How to Run with the YARN resource manager¶
Overview¶
This script runs on the Spark cluster with the YARN resource manager and returns the hostname of each node in the cluster.
Who is this for?¶
This how-to is for users of a Spark cluster who wish to run Python code using the YARN resource mananger.
Spark YARN Summary¶
Before you start¶
To execute this example, download the cluster-spark-yarn.py example script
to your cluster.
For this example, you’ll need Spark running with the YARN resource manager. You can install Spark and YARN using an enterprise Hadoop distribution such as Cloudera CDH or Hortonworks HDP.
Running the Job¶
Here is the complete script to run the Spark + YARN example in PySpark:
# cluster-spark-yarn.py
from pyspark import SparkConf
from pyspark import SparkContext
conf = SparkConf()
conf.setMaster('yarn-client')
conf.setAppName('spark-yarn')
sc = SparkContext(conf=conf)
def mod(x):
import numpy as np
return (x, np.mod(x, 2))
rdd = sc.parallelize(range(1000)).map(mod).take(10)
print rdd
Note: you may have to install NumPy with acluster conda install numpy
.
Run the script on the Spark cluster with
spark-submit.
The output shows the first ten values that were returned from the cluster-spark-basic.py
script.
16/05/05 22:26:53 INFO spark.SparkContext: Running Spark version 1.6.0
[...]
16/05/05 22:27:03 INFO scheduler.TaskSetManager: Starting task 0.0 in stage 0.0 (TID 0, localhost, partition 0,PROCESS_LOCAL, 3242 bytes)

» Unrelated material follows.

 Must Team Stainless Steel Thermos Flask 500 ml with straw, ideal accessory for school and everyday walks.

16/05/05 22:27:04 INFO storage.BlockManagerInfo: Added broadcast_0_piece0 in memory on localhost:46587 (size: 2.6 KB, free: 530.3 MB)

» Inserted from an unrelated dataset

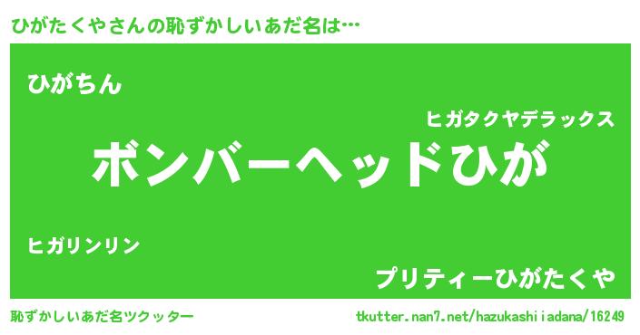 | ヘコむあだ名 | 『ひがたくや(爆)』『ひがにー』 |

16/05/05 22:27:04 INFO scheduler.TaskSetManager: Finished task 0.0 in stage 0.0 (TID 0) in 652 ms on localhost (1/1)
16/05/05 22:27:04 INFO cluster.YarnScheduler: Removed TaskSet 0.0, whose tasks have all completed, from pool
16/05/05 22:27:04 INFO scheduler.DAGScheduler: ResultStage 0 (runJob at PythonRDD.scala:393) finished in 4.558 s
16/05/05 22:27:04 INFO scheduler.DAGScheduler: Job 0 finished: runJob at PythonRDD.scala:393, took 4.951328 s
[(0, 0), (1, 1), (2, 0), (3, 1), (4, 0), (5, 1), (6, 0), (7, 1), (8, 0), (9, 1)]
Troubleshooting¶
If something goes wrong consult the FAQ / Known issues page.